Le théâtre, selon Genet, est le lieu de l’allégorie et du conte. Il est l’endroit par excellence de la mise en scène, d’un exercice rituel où tout se joue, et doit être joué à un haut degré d’intensité et de concentration un peu solennelle. Son théâtre commande des gestes d’une lourdeur quasi liturgique, conscients de leur poids symbolique, de leur portée métaphorique qui ne s’accorde pas ou peu avec un certain réalisme que Genet avait en horreur. La richesse provocatrice de son écriture pousse le rituel du jeu à l’extrême ; elle en renouvelle l’acte de représentation, envisagé comme une cérémonie, un mystère d’alchimie poétique, politique et révolutionnaire, capable de changer les pets en perles, les crachats en diamants. L’œuvre théâtrale (et romanesque) de Jean Genet, c’est le trivial hissé au rang du grandiose et de l’universel.
Enfer blanc
Le metteur en scène et co-directeur du Théâtre 14, qui connaît bien son Genet, le sait, et il a choisi d’en livrer une lecture follement décalée, queer et choc, kitsch et pop. Sur scène, l’espace est dépouillé et compliqué à la fois. Rappelons que l’action se déroule dans la chambre à coucher de Madame. C’est ici, sur la scène parisienne, moins une alcôve bourgeoise qu’une citadelle à assaillir, avec ses petits escaliers et ses différences de niveaux qui rendent la circulation malaisée, instable, comme la situation précaire des deux bonnes en sursis. Le décor est blanc, y compris les objets, ostensiblement factices, comme les fleurs. Pas moins que chez les bonnes, l’intérieur de Madame sonne faux, la prétention et la posture, le postiche et l’imposture.

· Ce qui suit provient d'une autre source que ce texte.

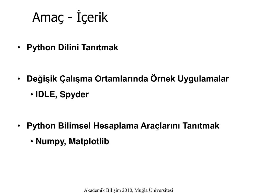Amaç - İçerik • Python Dilini Tanıtmak • Değişik Çalışma Ortamlarında Örnek Uygulamalar • IDLE, Spyder • Python Bilimsel Hesaplama Araçlarını Tanıtmak • Numpy, Matplotlib

Ces partis pris esthétiques renvoient également à la petite messe vespérale à laquelle Claire et Solange (respectivement Stéphanie Pasquet et Élisabeth Mazev, formidables) se livrent chaque jour pour se délivrer du mal, de Madame qui les hante et les aliène, qui fait d’elles des possédées, des êtres qui ne s’appartiennent pas. Littéralement. Dans cet espace blanc (couleur de leur aliénation), leur vie est un enfer qu’elles s’efforcent de repousser. Elles la maintiennent à distance par le jeu et l’artifice, par la mise en scène que Claire-Madame ordonne, et qu’elles jouent avec horreur et délice. Leur simulacre est un exutoire à leur condition qu’elles abhorrent autant que leur maîtresse, et tout ce qu’elle « représente ». Qu’elles exècrent et désirent à la fois, d’où leur double aliénation. Maîtres et esclaves sont unis dans une relation haine-amour réciproque qui les condamne à aimer ce qu’ils détestent.
Madame jusqu’à la lie
La pétulante mise en scène de Mathieu Touzé souligne, au-delà du conflit de classes, l’importance de l’inversion des identités et du travestissement, au cœur même de la cérémonie des deux sœurs et de l’œuvre théâtrale (Les Nègres, 1958) et romanesque (Notre-Dame des Fleurs, 1944) de Jean Genet. Les robes de Madame – ici jouée par l’acteur transformiste Yuming Hey, excellent dans la comédie outrancière et les ruptures de ton – sont comme ses bijoux, elles la parent. Elles lui servent de rempart plus qu’elles ne la vêtent. En elles, se concentre son image de marque qui lui sert de pouvoir. La magnificence de ses tenues autant que leur nombre écrasent les bonnes qui, elles, obscures créatures vivant dans l’ombre de leur maîtresse, sont vêtues d’ordinaire et de noir. Ces robes qui les obsèdent, sont le signe de sa distinction, de sa supériorité. Pour cela encore, Claire et Solange les désirent et les vomissent. Plus que tout, les robes de Madame, derrière lesquelles celle-ci disparaît, sont indissociables de sa personne car, on le sait depuis le Saint Genet, comédien et martyr (1952) de Jean-Paul Sartre, l’habit fait le moine chez Genet. Se déguiser avec les robes de Madame, c’est se confondre avec elle-même. En porter la défroque, c’est se l’incorporer. Sans doute est-ce aussi un peu de cela qui, dans un ultime geste paroxystique, un dernier fantasme de gloire, emporte Claire à la fin.
P. L.
Jusqu’au 21 mars 2024, au Théâtre 14, à Paris (14e). Avec Stéphanie Pasquet (Claire), Élisabeth Mazev (Solange), Yuming Hay (Madame). Mardi, mercredi et vendredi à 20h ; jeudi à 19h ; samedi à 16h. En tournée du 9 au 12 avril 2024 au théâtre national de Bordeaux en Aquitaine ; du 14 au 16 mai 2024 au théâtre de la Manufacture – CDN Nancy-Lorraine ; le 30 mai 2024 : à La Maison/Nevers, scène conventionnée Art en territoire.